音無は怒りの形相で私の言葉に噛み付いて来た。


「私が受付けをして悪いか?この格好はマスターの趣味だ苦情ならマスターに言ってくれ」


自分でも驚く程スラスラと言葉がでた、にやけるのを隠すかのように怒っている風に装ったが本当は音無に会えたのが嬉しくてたまらない


声も掠れていなかった、どもったりも噛んだりもしなかった。


「ガスちゃんが喋った…」


川畑さんが一番驚いていた。


ガスちゃんとは私が名前を名乗らなかったので川畑さんらが私につけたあだ名だ、そんなことは今はどうでもいい。


驚きのあまり目を見開き口をあんぐりと開けている。


美人が台無しだ。


「なんだ喋れるではないか…ここの人達は君の事を人形だと言っていてな、話さず、笑わず怒らない。

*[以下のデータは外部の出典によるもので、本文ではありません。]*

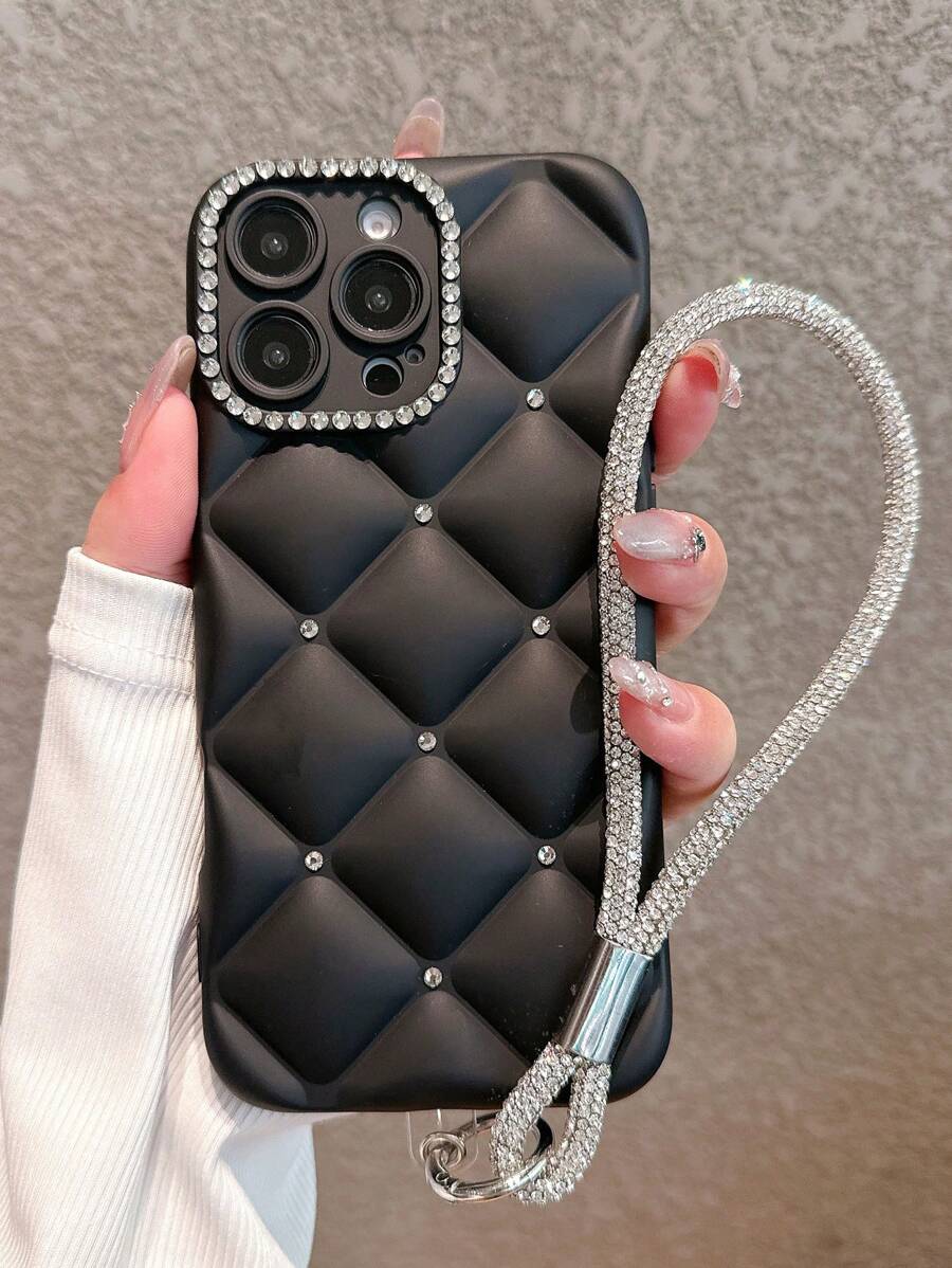 Funda de teléfono transparente de lujo con correa de muñeca con rhinestones, adecuada para iPhone 17 Pro Max/17 Pro/17 Air/17/16 Pro Max/16/16 Pro/16 Plus/16e/15/15 Pro Max/15 Pro/15 Plus/11/12/13/14 Pro Max/11 Pro/11 Pro Max/12 Pro/12 Pro Max/13 Pro/13 Pro Max/7 Plus/14 Pro/14 Pro Max/14 Plus, funda suave minimalista y creativa en color blanco

表情がかわらず人形みたいに変化ないとな、だが話が違うな人間みたいに怒るし、話す表情だってコロコロと変わる」


音無は先ほどの怒りの形相は何処にいったのかニコリと笑って言った。


「表情わかるの?ガスマスクで見えないけど」


川畑さんは音無に言ったが、


「顔なんか見なくともそれぐらいわかる可愛らしい表情だ」


音無は根拠が無いのに自信満々の表情で川畑さんに言った。


「ははははははははははははははは」


私は大声で笑った、涙がでたこんなに笑ったのは久しぶりだった。


「なんだ私を口説いているのか?」


私は笑を堪え音無に言った、冗談のつもりで

だ。


「そうなるな、君を初めてみた時絶対に叶わない僕の初恋の相手にあった時みたいにドキドキしたからな」


冗談で言った言葉に返って来た答えは驚く物だった。


初恋?口説いている?私を誰が?音無が…


私はこの時点で四つの感情を取り戻した。


一つ目は笑い。


二つ目は喜び。


三つ目と四つ目は同時に来た。


それは怒りと悲しみだった。


少し手直ししました。

踊り子のような格好の理由はマスターの条件です。